Temperature: Code gobies are restricted in their distribution to the subtropics (Froese and Pauly 2008). Dawson (1966) discovered a pronounced seasonality in the presence of Gobiosoma robustum im Mississippi Sound, and noted individuals were scarce in mid-winter. Water temperatures during this author's study ranged from 13°C to nearly 35°C. Springer and Woodburn (1960) cite 10°C as the lower temperature limit for the species.
Salinity: Gobiosoma robustum is a eurythermal estuarine species. Dawson (1966) reports collecting individuals from environments of low salinity (6.2 ppt) in Mississippi Sound, although 83% of individuals were collected at salinities of 22.3-32.3 ppt. Kilby (1955) observed salinity extremes of 7 ppt and 37.6 ppt for the secies. Gunter (1956) included G. robustum in his revised list of euryhaline American fishes, in which he strictly defined euryhaline species as those that have been recorded from both fresh water and pure seawater by competent observers. Bailey et al. (1954), by contrast, indicate G. robustum is a facultative invader of low salinity waters but does not enter fresh water except as a temporary straggler or very young animal.
Trophic Mode: Gobiosoma robustum preys on several small invertebrate species, including shrimp, gammaridean amphipods, and caprellid amphipods (Caine 1983).

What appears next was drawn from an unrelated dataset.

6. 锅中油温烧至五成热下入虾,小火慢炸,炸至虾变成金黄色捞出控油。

Competitors: Schofield (2003) experimentally demonstrated that G. robustum was able to competitively displace clown gobies (Microgobius gulosus), forcing them out of structured (artificial seagrass) habitat and into bare sand. The results of this study suggest that habitat selection of these two species is modified in areas where they co-occur.
Predators: Llanso et al. (1998) note that red drum (Scaenops ocellatus) often prey on Gobiosoma robustum, while McMichael and Peters (1989) report G. robustum is a component in the diet of spotted seatrout (Cynoscion nebulosus).

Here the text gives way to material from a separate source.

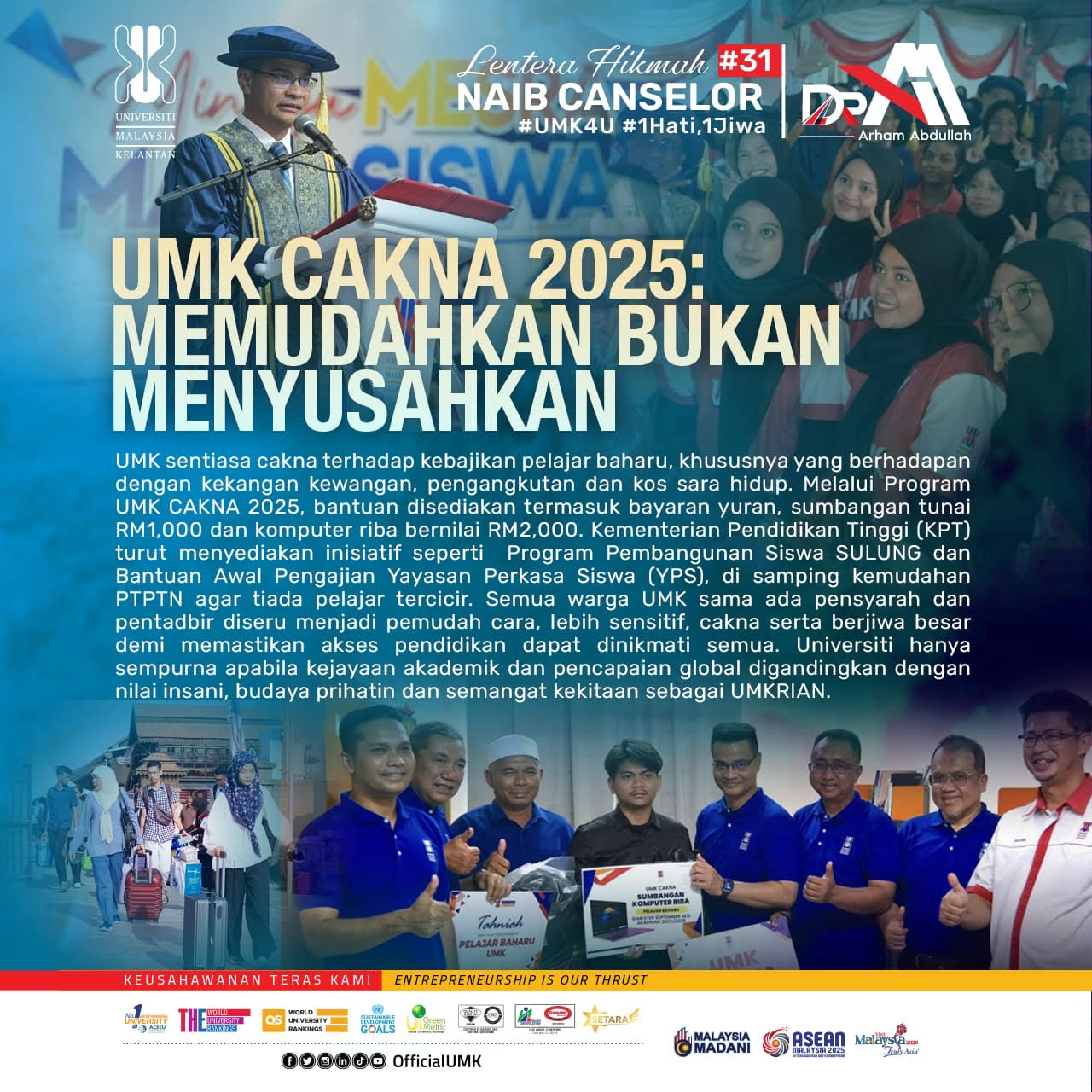 UMK CAKNA 2025: MEMUDAHKAN BUKAN MENYUSAHKAN Assalamualaikum Warahmatullahi Wabarakatuh, Salam Malaysia MADANI dan Salam UMK4U 1 Hati 1 Jiwa kepada seluruh warga UMK yang saya kasihi. Minggu lalu, saya berpeluang menyambut pelajar baharu di kampus dan turut meninjau proses pendaftaran yang berlangsung. Ada yang datang dari jauh, ada yang meninggalkan keluarga buat pertama kali, dan tidak kurang juga yang hampir-hampir tidak mendaftar kerana kekangan kewangan. Sejak keputusan UPU diumumkan, UMK mengambil langkah proaktif untuk mengenal pasti pelajar yang berhadapan dengan kesusahan, sama ada kerana tidak mampu membayar yuran pendaftaran dan pengajian, kekangan pengangkutan untuk hadir sesi pendaftaran di kampus, atau memikirkan kos sara diri sepanjang pengajian. Sebagai warga universiti yang prihatin, kita mesti peka dan sentiasa sensitif terhadap isu kebajikan yang melibatkan pelajar kerana mereka adalah sebahagian daripada pemegang taruh utama di universiti. Semasa sesi pendaftaran baru-baru ini, saya melihat ada dalam kalangan mereka yang datang dari jauh dengan perjalanan berhari-hari lamanya hanya kerana mahu menuntut ilmu. Ada juga yang datang dari keluarga susah, datang sehelai sepinggang demi sebuah cita-cita. Apakah kita sanggup melihat mereka berjuang sendirian sedangkan mereka juga adalah sebahagian daripada kita? Dalam konteks ini, UMK sentiasa bersedia untuk menghulurkan bantuan dan sokongan kepada mereka melalui Program UMK CAKNA 2025. Antara jenis bantuan yang disediakan ialah bayaran yuran pengajian, sumbangan tunai berjumlah RM1,000.00 dan sumbangan komputer riba bernilai RM2,000.00. Pihak Kementerian Pendidikan Tinggi (KPT) turut menyediakan pelbagai jenis bantuan kewangan antaranya Program Pembangunan Siswa SULUNG dan Bantuan Awal Pengajian Yayasan Perkasa Siswa (YPS). Menteri Pendidikan Tinggi, YB Datuk Seri Dr. Zambry Abd Kadir di media sebelum ini turut menegaskan bahawa semua pentadbir universiti mesti menerima masuk pelajar miskin dan memastikan pelajar tersebut mendaftar masuk terlebih dahulu. Pihak universiti juga mestilah menguruskan bantuan awal pengajian melalui PTPTN bagi pelajar tidak berkemampuan agar setiap mahasiswa yang ditawarkan tempat ke universiti tidak terlepas peluang meneruskan pendidikan. Sebagai warga UMK, sama ada pensyarah mahupun pentadbir, saya menyeru agar kita semua lebih sensitif, berjiwa besar, dan sentiasa cakna dalam membantu serta memudah cara setiap pemegang taruh kita. Kita adalah pemudah cara yang dilantik oleh Kerajaan untuk menyantuni rakyat berdasarkan prinsip integriti, ketelusan, dan keprihatinan. Apalah gunanya kita meraih pelbagai kejayaan sekiranya kita lupa pada nilai insani, ihsan dan keprihatinan. Universiti tidak akan pernah lengkap dengan hanya bangunan megah, kurikulum hebat atau kedudukan ranking yang membanggakan. Ia hanya akan sempurna apabila seluruh warganya hidup dalam budaya cakna, prihatin dan saling peduli. Kepada semua pelajar baharu, saya ucapkan selamat datang ke Keluarga UMK. Kepada pelajar perdana, selamat kembali ke kampus untuk meneruskan jihad kalian sehingga bergraduasi. Kepada semua staf UMK, kalianlah wira yang mungkin tidak didendang, tetapi setiap titik peluh dan usaha kalian adalah nadi yang menggerakkan universiti ini ke hadapan. Sebagai penutup, izinkan saya menekankan bahawa kita semua adalah UMKRIAN iaitu satu identiti yang menyatukan pelajar semasa mahupun alumni, staf akademik dan pentadbiran, serta seluruh komuniti kampus. Sebutan ini menzahirkan semangat kekitaan, keprihatinan dan kebanggaan kita sebagai sebahagian daripada keluarga besar UMK. Marilah kita terus membina legasi UMK bukan sahaja dengan pencapaian akademik dan kedudukan global, tetapi juga dengan budi, hati dan jiwa yang sentiasa mendahulukan insan lain. Sekian, terima kasih. Ikhlas, |

Laboratory experiments by Schofield (2005) reveal that G. robustum remained susceptible to predation by toadfish (Opsanus beta) regardless of the presence or absence of structurally complex seagrass in which to seek refuge.
Parasites: Hutton and Sogandares-Bernal (1960) list Diphterostomum americanum (Platyhelminthes: Digenea) as a known parasite of code gobies in Florida.

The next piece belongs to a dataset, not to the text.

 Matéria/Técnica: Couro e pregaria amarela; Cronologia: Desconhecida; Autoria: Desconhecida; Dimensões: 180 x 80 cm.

Habitats: Code gobies are cryptic benthic fishes commonly encountered within seagrass meadows and algal mats of shallow, protected waters (Robbins et al. 1986, Froese and Pauly 2008). The species is demersal but non-burrowing, as compared, for example, to the co-occurring burrowing goby Microgobius gulosus (Schofield 2005). Hoese and Moore (1977) indicate Thalassia testudinum as the preferred seagrass habitat. They appear to be less sensitive than canopy-dwelling species to declines in seagrass cover (Matheson et al. 1999, Fourqurean and Robblee 1999). Less commonly, code gobies can be found in mangrove habitats (Lorenz 1999).
Patrick and Palavage (1994) list G. robustum as a pollution-tolerant species.
Economic Importance: A number of commercially and recreationally important species depend on G. robustum as a food source.